対策が強すぎて相手が狙っている選出をしてくれなかったり、特性テレパシーに弱点保険を持たせて味方殴りをする予定だったりするのは良くある失敗例です。
メインプランの調整が終わり、ある程度安定することが分かったら、次はサブプランの開拓をしていきます。
サブプランとは予定とは違う技を使ったり、別の選出を行うことです。
予定にないことをするわけですから練習での勝率は下がってしまいますがそれは気にする必要はありません。

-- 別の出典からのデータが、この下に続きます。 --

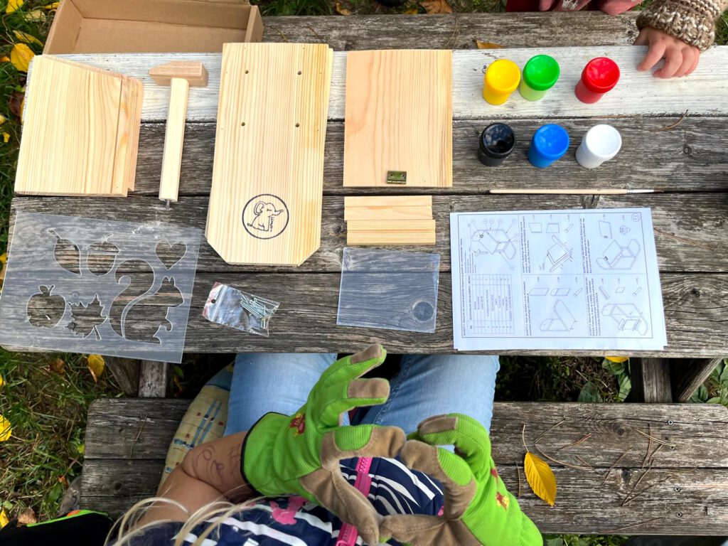 Das Paket von Eli der Elefant zum Selbstbauen eines Eichhörnchen Futterhauses kam mit allem, was dieses Projekt nötig machte: Sorgfältig vorbereitete Holzteile, Nägel, Hammer, Pinsel und Farbe. Natürlich ist auch eine Anleitung enthalten, die Schritt für Schritt den Aufbau erklärt. Doch sieh selbst:
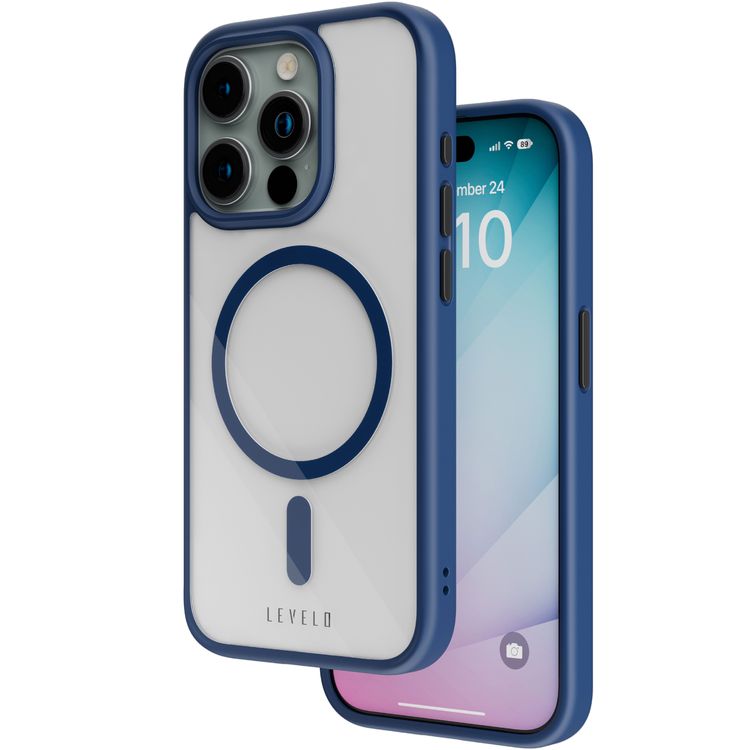 Levelo MagSafe Solo Case for iPhone 15 Pro, Hybrid Material with Matte TPU Bumper, Camera Protection, Reinforced Corners with Airguard, Shock-Proof Edges, Anti-Scratch - Blue
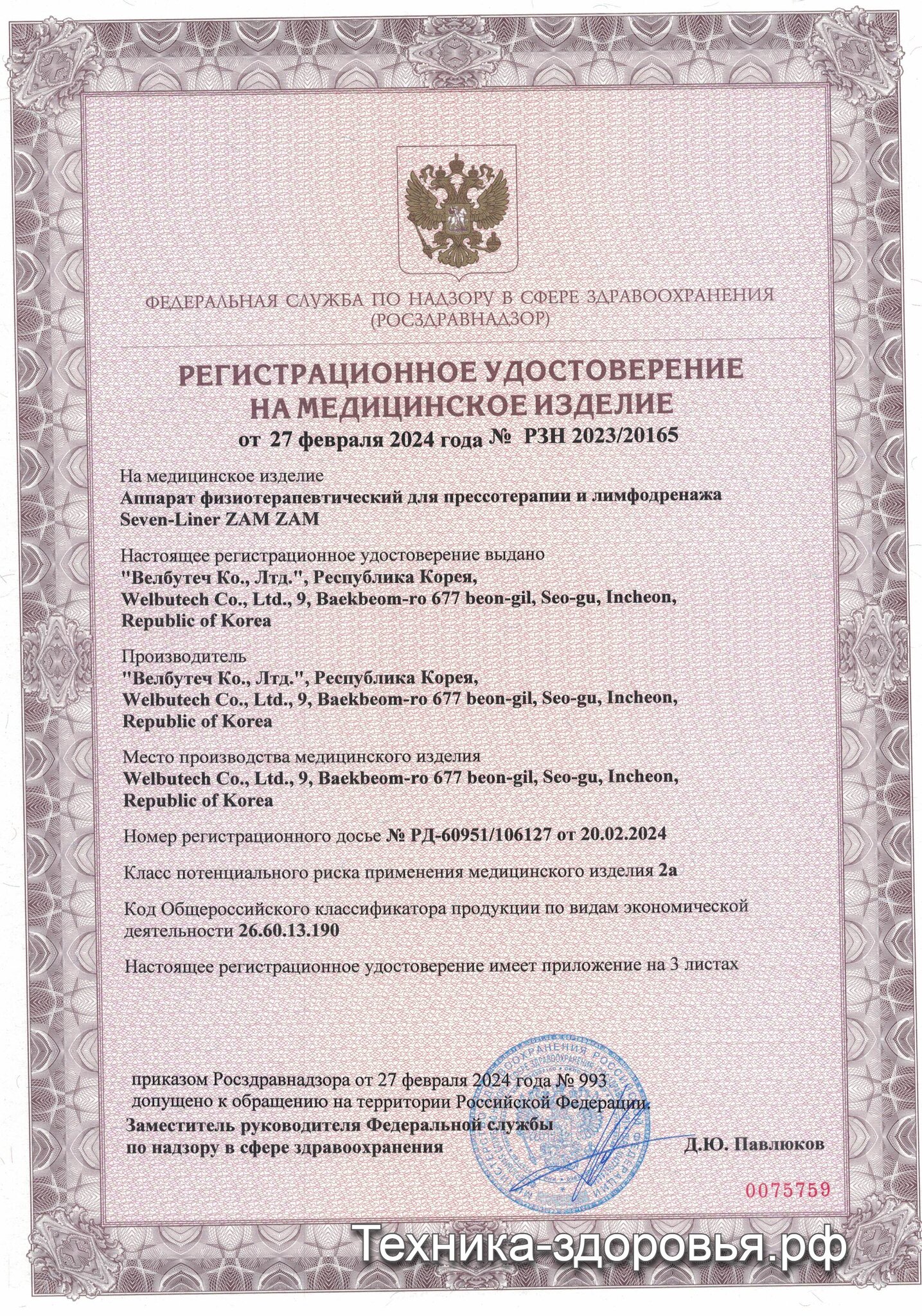 В России в реестр техники медицинского назначения могут быть включены только сертифицированные аппараты для проведения процедуры массажа. Продукция южнокорейского бренда WelbuTech соответствует этим требованиям. В 2023 году модели Zam-02, Zam 200S, Zam Luxury и Zam Sport стали первыми корейскими массажерами, получившими разрешение на продажу от Росздравнадзора. Этот сертификат подтверждает их эффективность, надежность и безопасность.

サブプランを試すことで構築の細部を詰められることが多く、結果的に本番の勝率を高めることにつながります。
【虎の巻実践編】パーティの構築経緯
では、上記の虎の巻を実際にどう用いたのかを筆者の構築をもとに解説します。
①環境を支配する並びを見極めよう 実践編
想定される並びとしては以下のものが列挙されました。
ランクバトルでも使われたイッカネズミ・コノヨザル、ガブリアス・サーナイト、イエッサン♀・ブリムオン
ニョロトノ・ルンパッパ・イダイトウの雨軸、キュウコンの晴軸
高威力範囲技持ちの赫月ガチグマ、ジャラランガと壁・この指の組み合わせ
追い風役としてイルミーゼ・バルビートとオンバーン、トリックルーム役としてヤバソチャ、ドータクン、サマヨール
この中で一番注目したのがイッカネズミ・コノヨザルの並びです。
ふくろだたきからのふんどのこぶしはランクバトルで使われているギミックなだけあって出力が高く、コノヨザルより低速なパーティは無対策では蹂躙されます。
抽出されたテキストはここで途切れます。